GIVEN DATA —
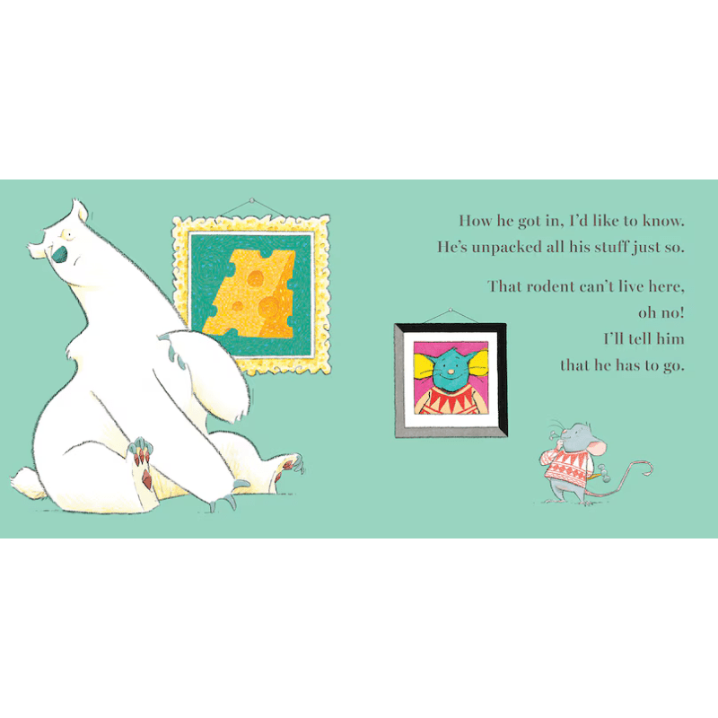 The tables have turned in this hilarious follow-up to There’s a Bear on My Chair. But this time it’s Bear who has an unwelcome guest, and this mouse just won’t leave! He’s making a real commotion in Bear’s house—eating all the food, listening to loud music, and even spilling bathwater all over the floor! But when there’s a knock at the door, will Bear decide that visitors aren’t so bad after all?
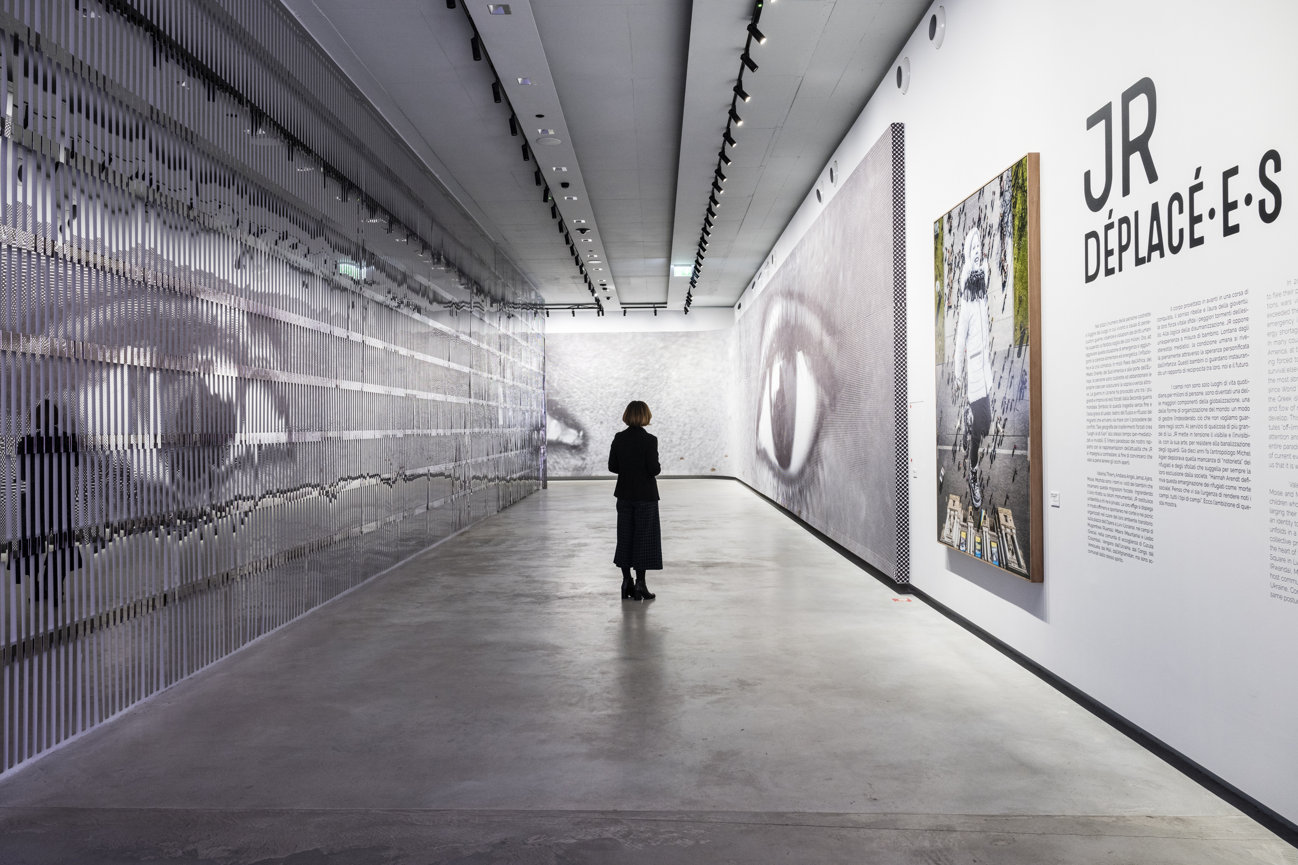 I problemi dei migranti e dei rifugiati, sempre più di scottante attualità, fanno da molto tempo parte dell’indagine di JR. Con il progetto Déplacé∙e∙s, cominciato nel 2022 e presentato per la prima volta in questa mostra, l’artista ha viaggiato in zone di crisi, dall’Ucraina sconvolta dalla guerra fino agli sterminati campi profughi di Mugombwa, in Rwanda, e di Mbera, in Mauritania, Cùcuta in Colombia e a Lesbo, in Grecia per riflettere sulle difficili condizioni in cui oggi versano migliaia di persone a causa di conflitti, guerre, carestie, cambiamenti climatici e coinvolgere pubblici esclusi dal circuito artistico e culturale all’insegna di valori come libertà, immaginazione, creatività e partecipazione.
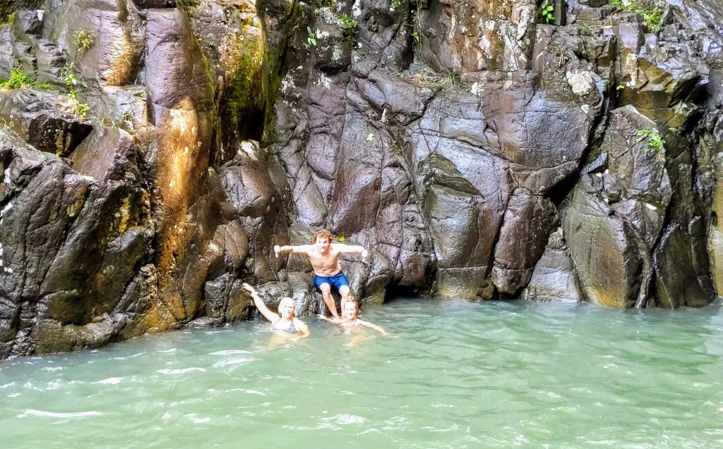 Deshaies was a great spot, and is well known as the setting for the BBC TV series Death in Paradise. They have a number of free mooring balls, so we managed to find one close to shore, and settled in for a few days. We had decided to sign up to complete our Open Water PADI scuba dive course, so for the next week or so, we alternated our days between diving, and exploring Guadeloupe. Our dive course was done over three mornings with the wonderful Eric from Sub tropical Diving, with 2 dives each morning, every second day. We were treated to an outstanding array of marine wildlife, and each dive we saw something new – we were totally hooked!

TASK OBJECTIVE — Word for word, reproduce all of the data, but keep out the pictures.

SOLVED EXERCISE —
 The tables have turned in this hilarious follow-up to There’s a Bear on My Chair. But this time it’s Bear who has an unwelcome guest, and this mouse just won’t leave! He’s making a real commotion in Bear’s house—eating all the food, listening to loud music, and even spilling bathwater all over the floor! But when there’s a knock at the door, will Bear decide that visitors aren’t so bad after all?
 I problemi dei migranti e dei rifugiati, sempre più di scottante attualità, fanno da molto tempo parte dell’indagine di JR. Con il progetto Déplacé∙e∙s, cominciato nel 2022 e presentato per la prima volta in questa mostra, l’artista ha viaggiato in zone di crisi, dall’Ucraina sconvolta dalla guerra fino agli sterminati campi profughi di Mugombwa, in Rwanda, e di Mbera, in Mauritania, Cùcuta in Colombia e a Lesbo, in Grecia per riflettere sulle difficili condizioni in cui oggi versano migliaia di persone a causa di conflitti, guerre, carestie, cambiamenti climatici e coinvolgere pubblici esclusi dal circuito artistico e culturale all’insegna di valori come libertà, immaginazione, creatività e partecipazione.
 Deshaies was a great spot, and is well known as the setting for the BBC TV series Death in Paradise. They have a number of free mooring balls, so we managed to find one close to shore, and settled in for a few days. We had decided to sign up to complete our Open Water PADI scuba dive course, so for the next week or so, we alternated our days between diving, and exploring Guadeloupe. Our dive course was done over three mornings with the wonderful Eric from Sub tropical Diving, with 2 dives each morning, every second day. We were treated to an outstanding array of marine wildlife, and each dive we saw something new – we were totally hooked!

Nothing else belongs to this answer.